As much as I am a big advocate, and certified in the KonMari Method™, I also have a great appreciation of the recent trend of Swedish Death Cleaning. Sounds morbid, I know, but highly practical. The idea behind Swedish Death Cleaning is to remove unnecessary things and get your home in order as you get older. You want to minimize the amount of stuff that you end up leaving behind for others to deal with. If you have lost a loved one and had to go through all their belongings you know how truly difficult it can be. I have seen how that pain can be amplified when the amount left behind is mostly clutter and items that no one needs. It becomes a mental and even financial burden for your loved ones to sort out. If you pair down your sentimental items to ones that truly resonate with you and speak to your past, present and future, your family and future generations will be more likely to feel the same way and treasure them.

Getting rid of grandma's treasured doll collection or grandpa's train sets can spark anything but joy when you are faced with dealing with it. I try to think of how that loved one would want us to feel. Would they want you to be burdened with boxes and boxes of their possessions? Tucked in a musty storage space and not seeing the light of day? Moving them from one home to another and still never enjoying them to anywhere near the extent that they once were. Would it not be better to have them loved and enjoyed by some one? I think so, but then again it's not up to me, I'm just here to help. Think about it, but know that now is not the time to worry about that category in your space.

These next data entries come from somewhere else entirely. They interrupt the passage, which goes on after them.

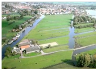
Ruimte en Wonen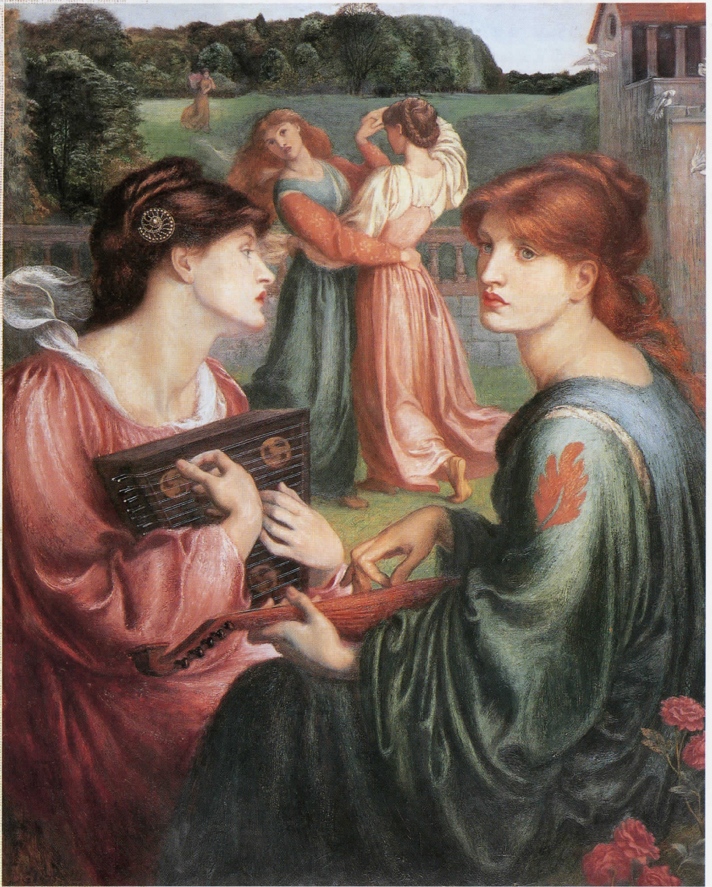
ダンテ・ゲイブリエル・ロセッティ「あずまやのある草地」1850-72年

Masterpieces of the 18th and 19th Centuries' British Paintings from The Manchester City Art Galleries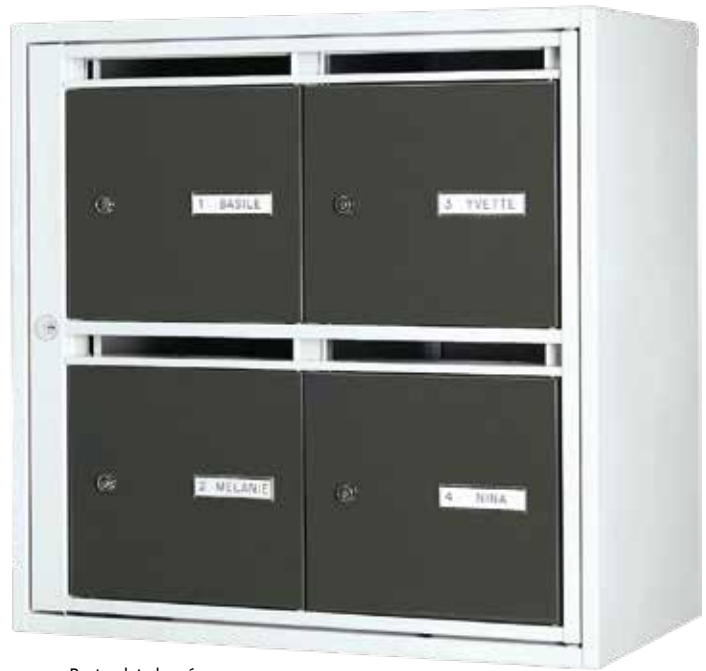
Porte plate laquée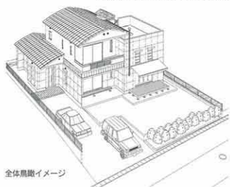
全体鳥瞰イメージ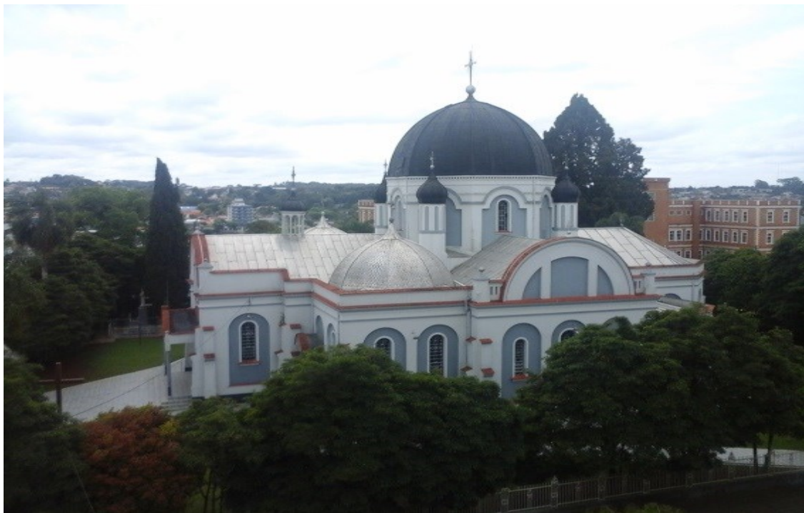
Figura 2 - Igreja Matriz de São Josafat, Prudentópolis- PR, 2017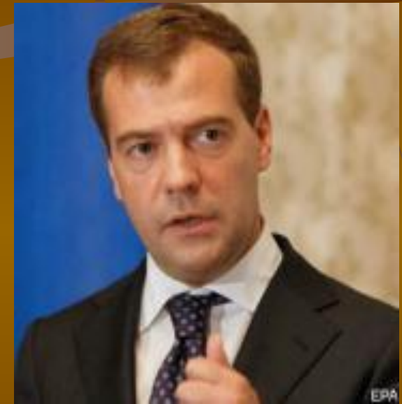
Медведев Дмитрий Анатольевич

Третий Президент Российской Федерации (2 марта 2008 по н. время)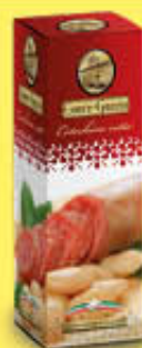
CORTE GRAZIA COTECHINO 500 GR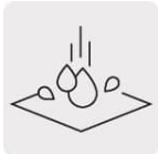
Resistente al agua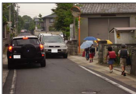
歩道やガードレールのない通学路

○都市部の渋滞解消のためには、開かずの踏切の解消や環状道路の整備が必要です。鉄道の連続立体交差化事業に必要な費用の9割は道路特定財源で賄われています。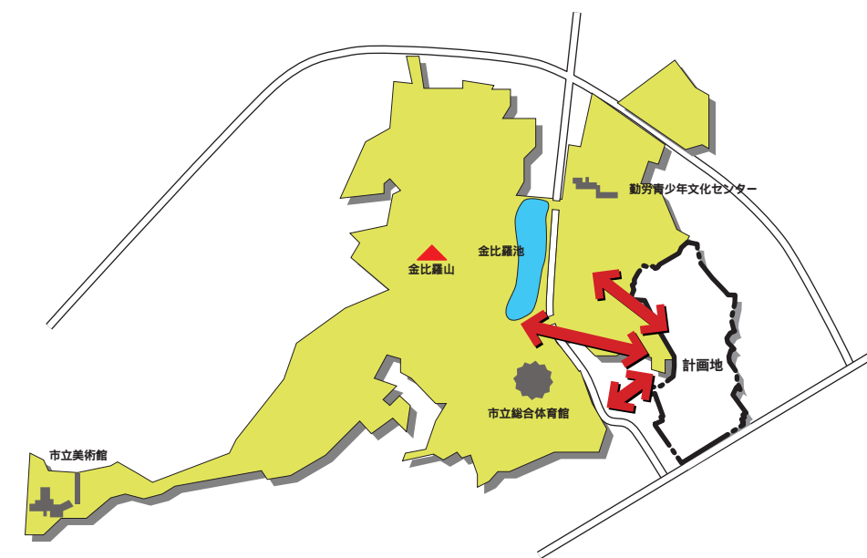
中央公園の自然を積極的に活用し、身近な自然を体感するための「窓口」となる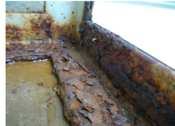
↑看板面（アクリル板）のひび、割れ、ゆがみ板面の落下により、内部に水が入り腐食する原因に。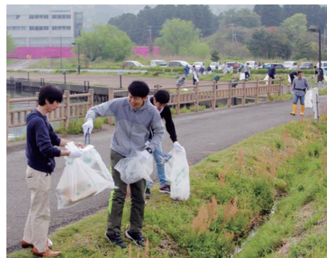
↑久々子湖沿いの道路に捨てられたごみを拾う参加者

5月3日から5日にかけて、第12回若狭路わんぱくフェアが総合運動公園で開催されました。 会場では、ニジマスのつかみ取りやバブルサッカー、特設ステージでのダンス、キャラクターショー等が行われました。また、隣接する久々子湖では、カヌーやウォーターバルーン等が行われ、訪れた子どもたちは元気いっぱい体を動かしていました。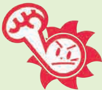
全国暴追センター・シンボルマーク 『パンチくん』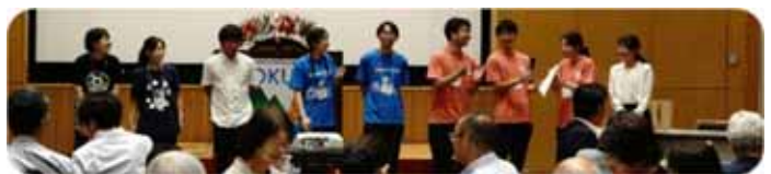
部大会にて活動報告の様子

上のユースアクションとは別に、小さい規模であっても、東日本区では 4-5 か所のユースレッドプロジェクトを行います。例えば北海道には 3 つのクラブがありますが、その中でいくつかのクラブと YMCA でユースアクションに取り組みたいと計画しています。小さい規模の学生 YMCA でもいくつかこのプロジェクトに挑戦してもらいたいと思います。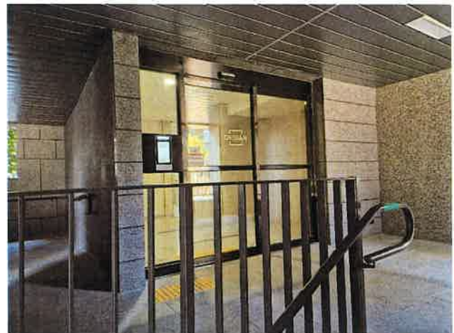
[공동 출입구 전경]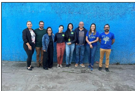
Equipes Semente e Fundação Dirce Figueiredo. Data: 05/07/2024

O projeto está no quarto mês do cronograma e apresenta doze meses, no total, de execução. Para esse mês, estão previstas apenas as aulas de marimba e canto coral, que foram acompanhadas por meio da visita técnica. Com isso, foi possível constatar que o projeto está em andamento e sendo executado de forma satisfatória e adequada, com as ações dentro do cronograma.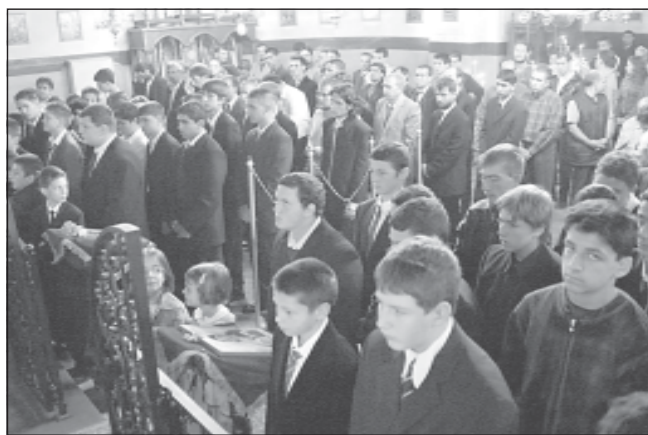
На празничното богослужение в семинарския храм в първия ден на новата учебна година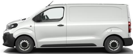
KAOLIN-WEISS POPR 0,00 (0,00)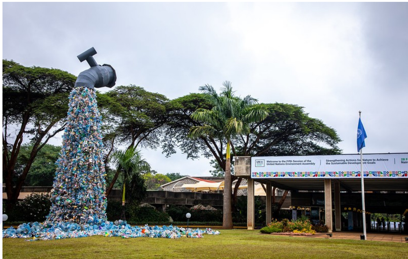
Skulptur des Kanadischen Künstlers Benjamin von Wong, hergestellt mit Plastik aus den Kibera Slums, Nairobi, vor der 5. Session der United Nations Environment Assembly (UNEA-5), 2022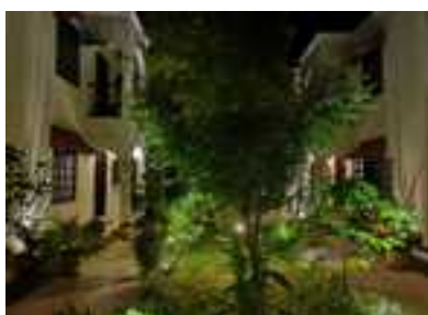
Hôtel de Sak-I

Attention, si vous atterrissez à Cancun, il y a des frais de déplacement jusqu'à Tulum, voir même un hébergement sur place. Mais il n'est pas évident de trouver des billets pour Tulum.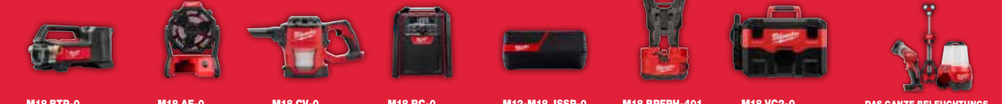
M18 BTP-0 4933471494 | M18 AF-0 4933451022 | M18 CV-0 4933459204 | M18 RC-0 4933446639 | M12-M18 JSSP-0 4933459275 | M18 BPPFH-401 4933464962 | M18 VC2-0 4933464029 | DAS GANZE BELEUCHTUNGS-SORTIMENT FINDEN SIE IN UNSERER PROGRAMMÜBERSICHT.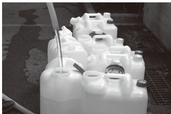
* ポリタンク温泉注入

温泉臭が漂う浴室は、温泉気分が満喫でき、利用者の方に大変喜んでいただいております。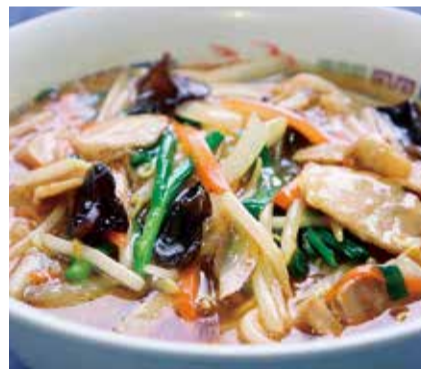
冬のお勧め サンマーメン

また、お部屋の内見申し込みや家賃等は、改めて協会ホームページにて公開いたします。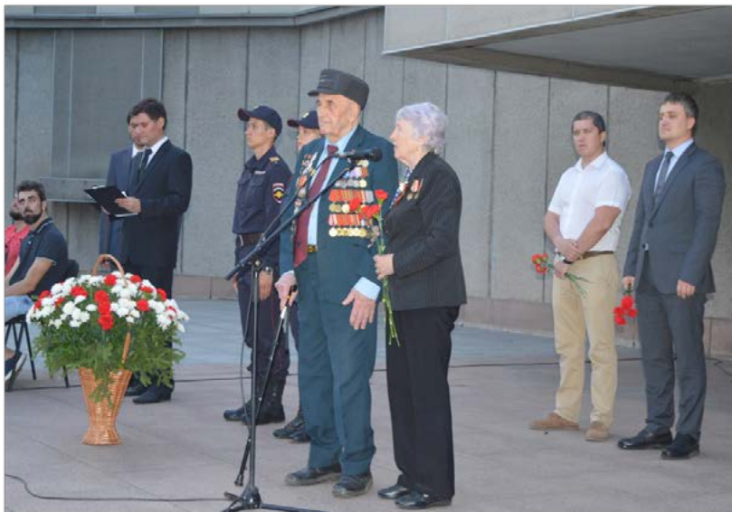
Фото 5. Участие ветеранов Великой Отечественной войны 1941—1945 гг. в праздничных мероприятиях на территории музея «Мемориал Победы»

на одной площадке различных людей, являющихся источниками исторической информации, позволяет наиболее полно раскрыть тот или иной исторический аспект.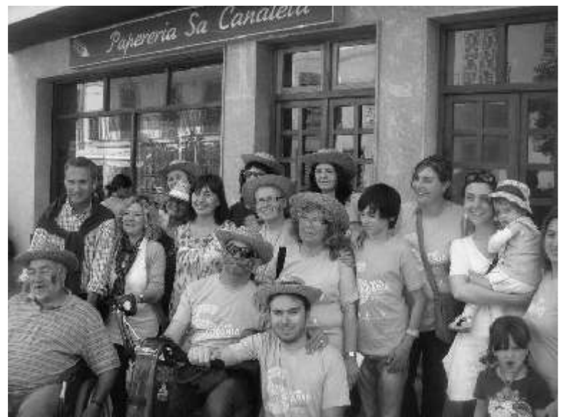
JA ESTAM PREPARATS PER SERVIR A TOTS ELS COMENSALS QUE ESTAN ASSEGUTS, ES VENGUEREN UNES 950 ENTRADES...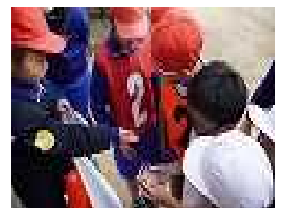
宝箱を見つけたよ。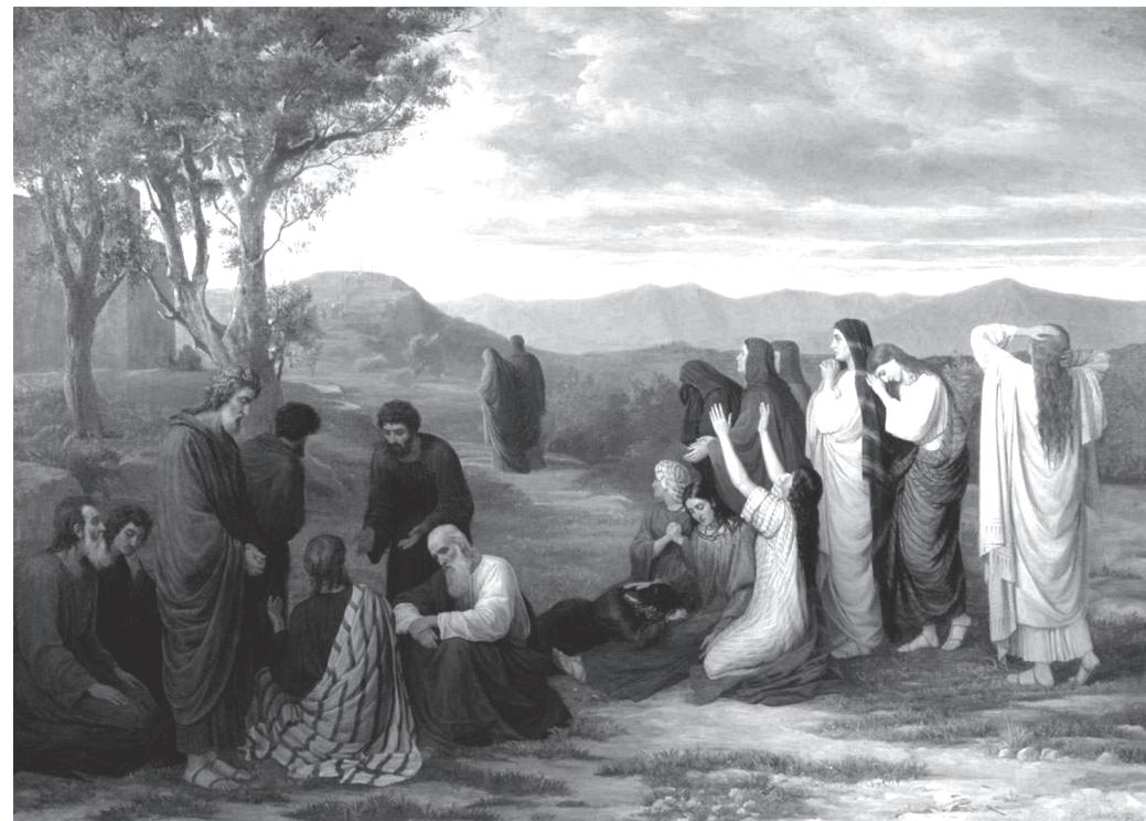
Жены, издали смотрящие на Голгофу. Художник М.П. Боткин. 1867 г.

О душевных добродетелях утверждаем, что главным образом четыре родовые добродетели, а именно: мужество, благоразумие, целомудрие и справедливость. От них же рождаются следующие душевные добродетели: вера, надежда, любовь,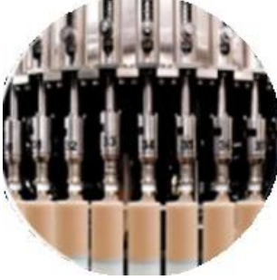
Mengisi garis mesin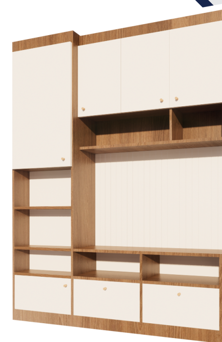
ตู้วางทีวี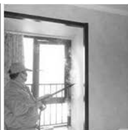
Contaminación del hogar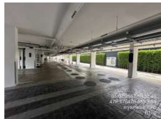
รูปที่ 32 พื้นที่จอดรถภายในโครงการ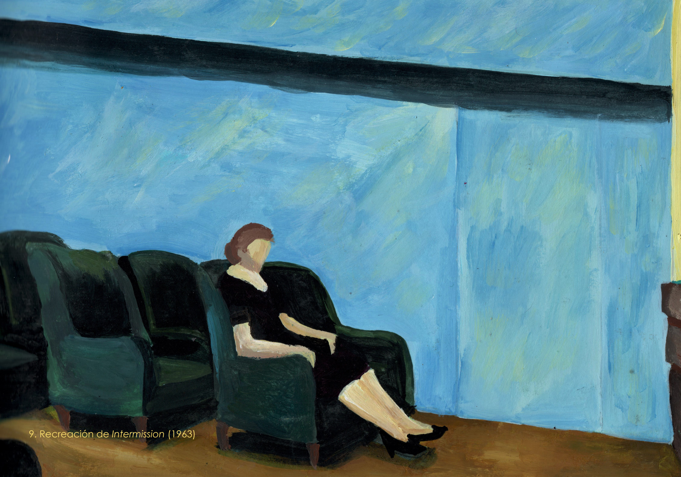
9. Recreación de Intermission (1963)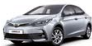
1F7 Сріблястий 2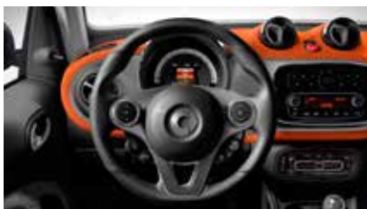
Driespaaks multifunctioneel stuurwiel in leder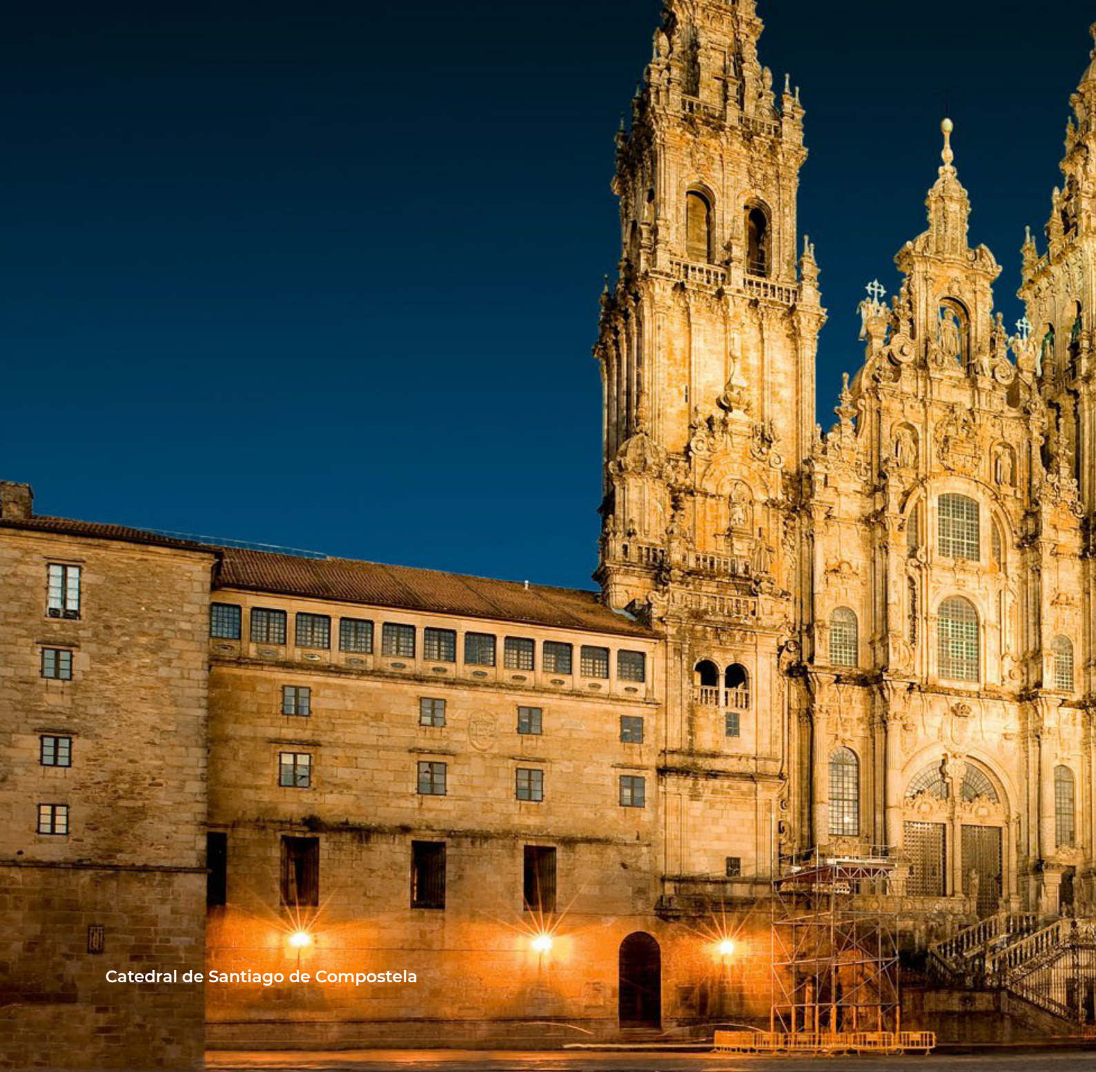
Catedral de Santiago de Compostela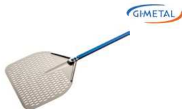
Łopata do pizzy Gi Metal Azzurra; anodowane Al Pizza peel Gi Metal Azzurra; anodized Al.

Durable, specially balanced • Strong, oval tubular design of the handle • Riveted blade connection does not carry vibration on the handle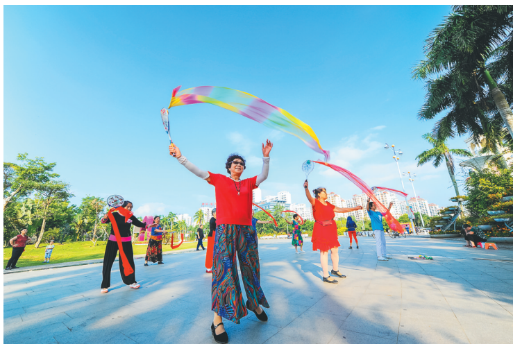
“候鸟”老人在琼海嘉积镇街头跳舞。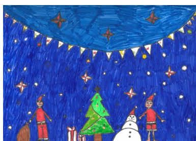
Classe des CE1-CE2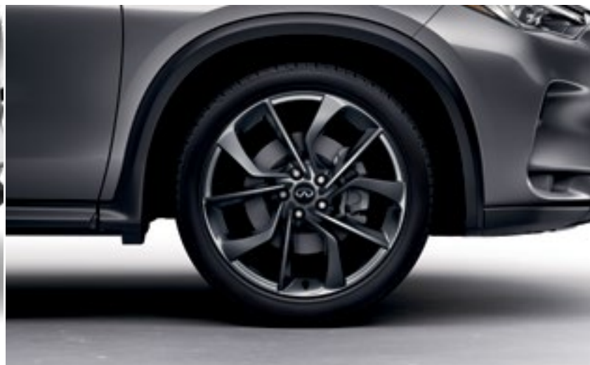
INFINITI QX50 Sensory . Rines de aleación de aluminio de 20", 255/45R20 Run Flat Summer Season.

You can go the Japanese route and follow the KonMari Method™. You can go the Swedish route and give Death Cleaning a try. Or you can go the ancient Egyptian route and build a pyramid sized space to be take it all with you, just kidding. Although I do know a few people who would love this option if it were possible! My best advice is to start at the beginning, work your way up to it and by the time it comes to dealing with them you will be surprised. Items that were once hidden in boxes will be dusted off and lovingly displayed. Others will be re-homed and loved anew. Love letters from the past will bring new tears and yearbook photos will bring tears of laughter, but it's all good. And bottom line, it's entirely up to you, I'm just here to help.